[Dataset records]

━━━━━━

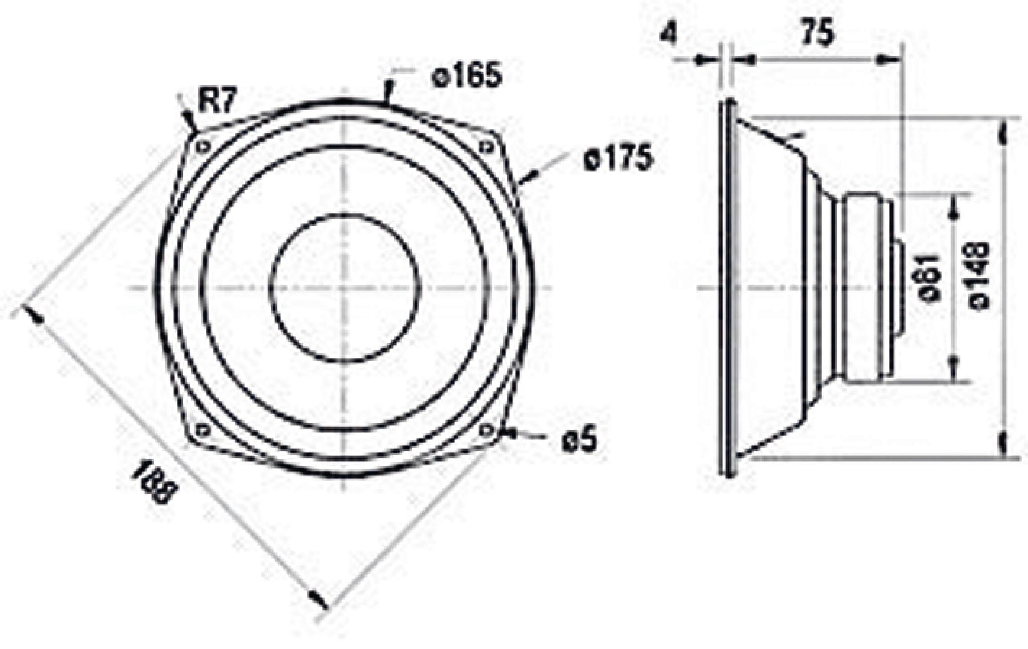 17 cm basshøyttaler. På grunn av korgens konstruksjon svært godt egnet erstatningselement i mange standard HiFi-høyttalere.
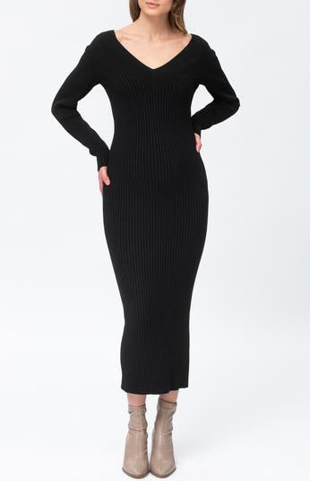Rib Long Sleeve Maternity Midi Sweater Dress
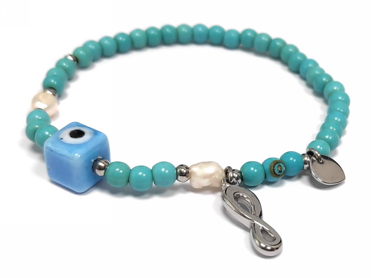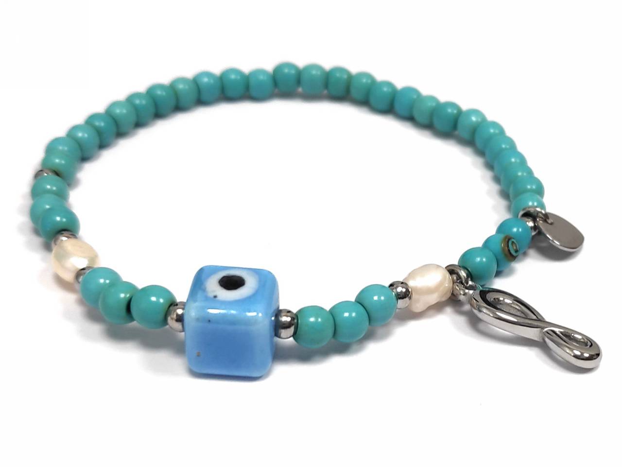 Βραχιόλι Ατσάλι 316L, με τυρκουάζ και μάτι σε χρώμα Ασημί
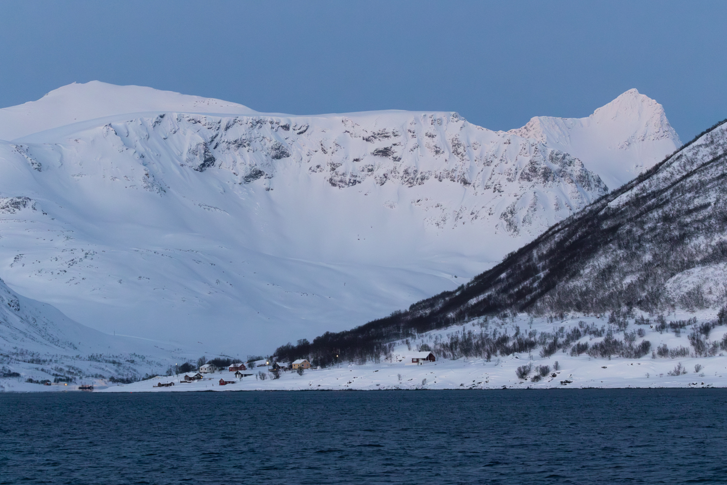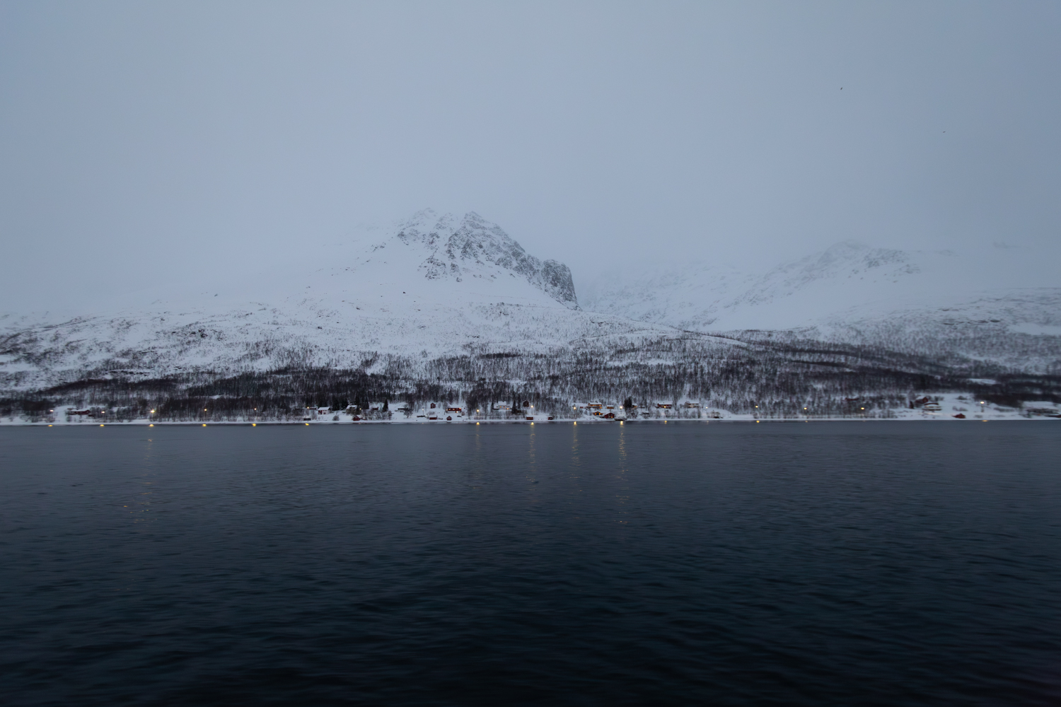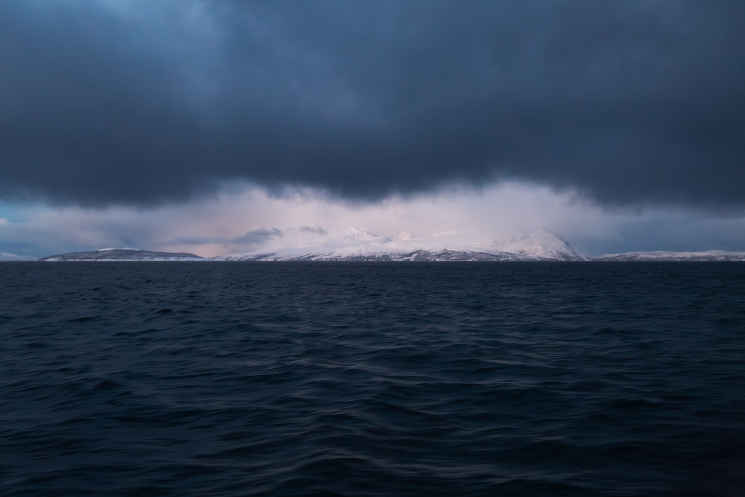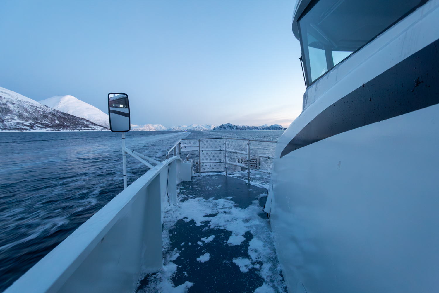 C’est sous une neige abondante que j’embarque au petit matin au port de Tromso. Le navire quitte le port de bonne heure, dans la nuit polaire glaciale. La tempête qui a fait rage les jours précédents nous a laissé une mer très agitée et nombreux sont les passagers malades. Durant les 2h30 de trajet qui nous éloignent de la zone de présence des cétacés, il est impossible de mettre le nez dehors si ce n’est au prix d’une douche arctique. Enfin, nous ralentissons et nous pouvons admirer les montagnes enneigées qui encadrent le fjord.
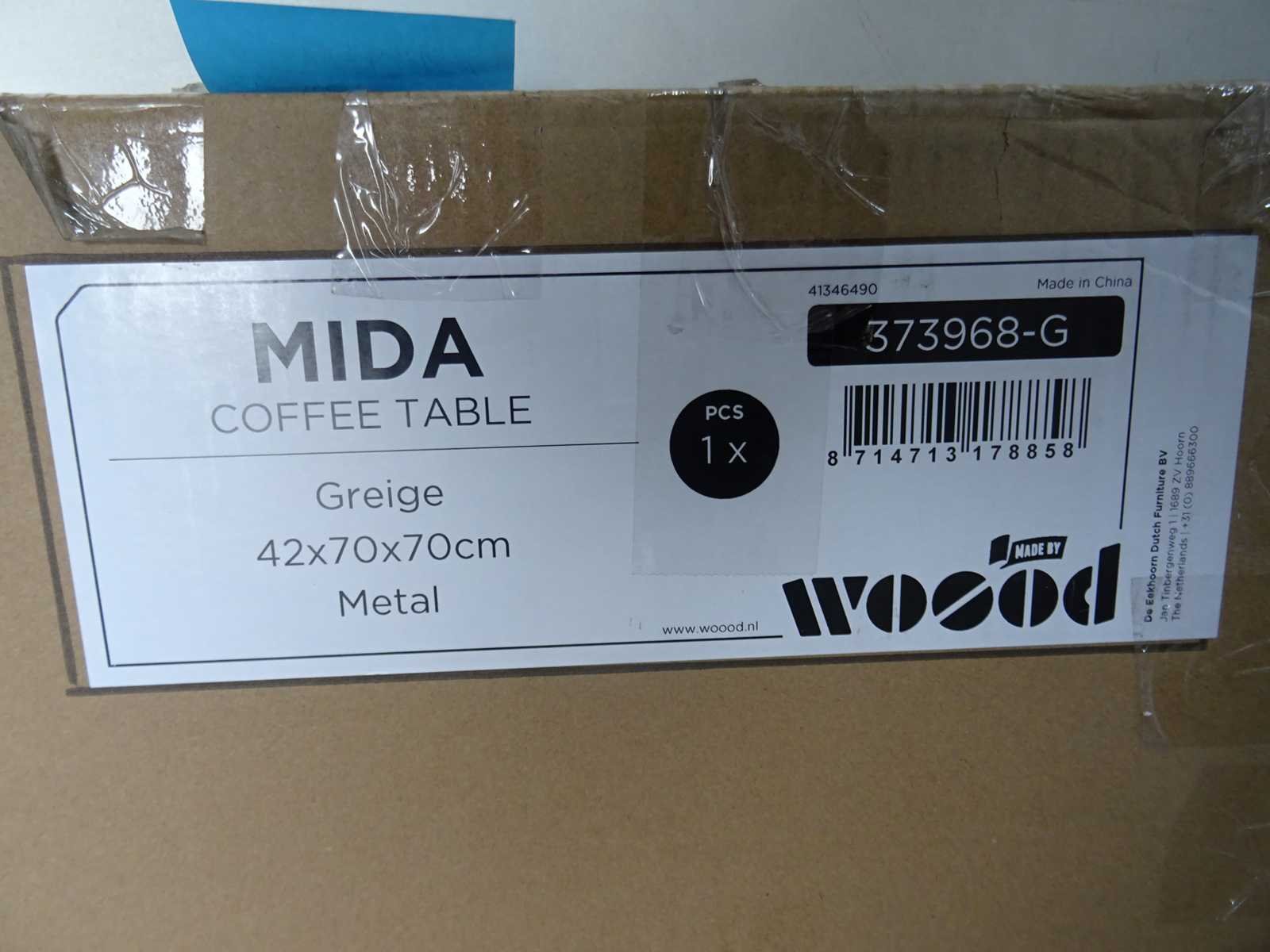 Enkele beschadigingen aan lak, EAN: 8714713178858 Merk: Woood Model: Mida Kleur: greige Lengte: 75cm Breedte: 75cm Hoogte: 42cm Materiaal: metaal
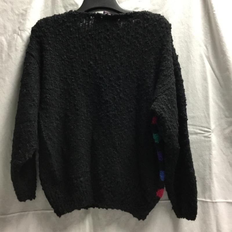 Here we have a Pink, teal, purple, blue and black sweater. Elastic in the sleeve cuffs are shot from age but aside from that the sweater has no tears or snags. See pictures.
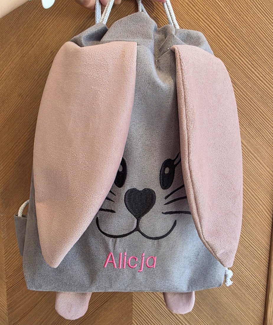 Różowy worek, uszy uszyte z milutkiego materiału, w środku kolorowa podszewka,
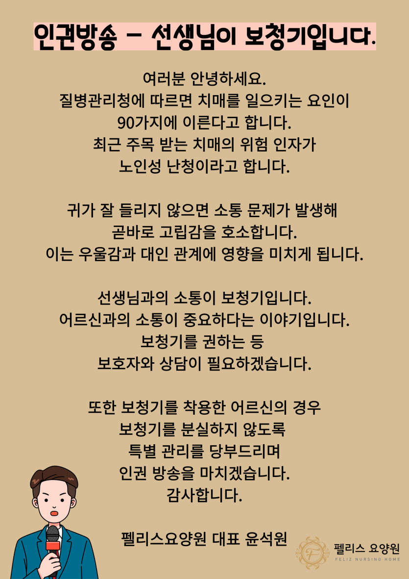 7월 넷째주 인권방송 - 선생님이 보청기입니다. 페이지 정보 작성자 관리자 댓글 0건 조회 43회 작성일 25-07-21 14:58 본문 7월 넷째주 인권방송 - 선생님이 보청기입니다. 글쓰기 글쓰기 목록 목록 이전글7월 마지막주 인권방송 - 어르신의 물품을 지켜주세요. 25.07.28 다음글7월 셋째주 인권방송 - 약점을 말하지 않아요 25.07.21

━━━━━━

- EXERCISE DESCRIPTION: With pictures removed, write out exactly each line of the entries from the first through the line that holds "Βραχιόλι Ατσάλι 316L, με".

- EXERCISE SOLUTION:
 17 cm basshøyttaler. På grunn av korgens konstruksjon svært godt egnet erstatningselement i mange standard HiFi-høyttalere.
Rib Long Sleeve Maternity Midi Sweater Dress
 Βραχιόλι Ατσάλι 316L, με τυρκουάζ και μάτι σε χρώμα Ασημί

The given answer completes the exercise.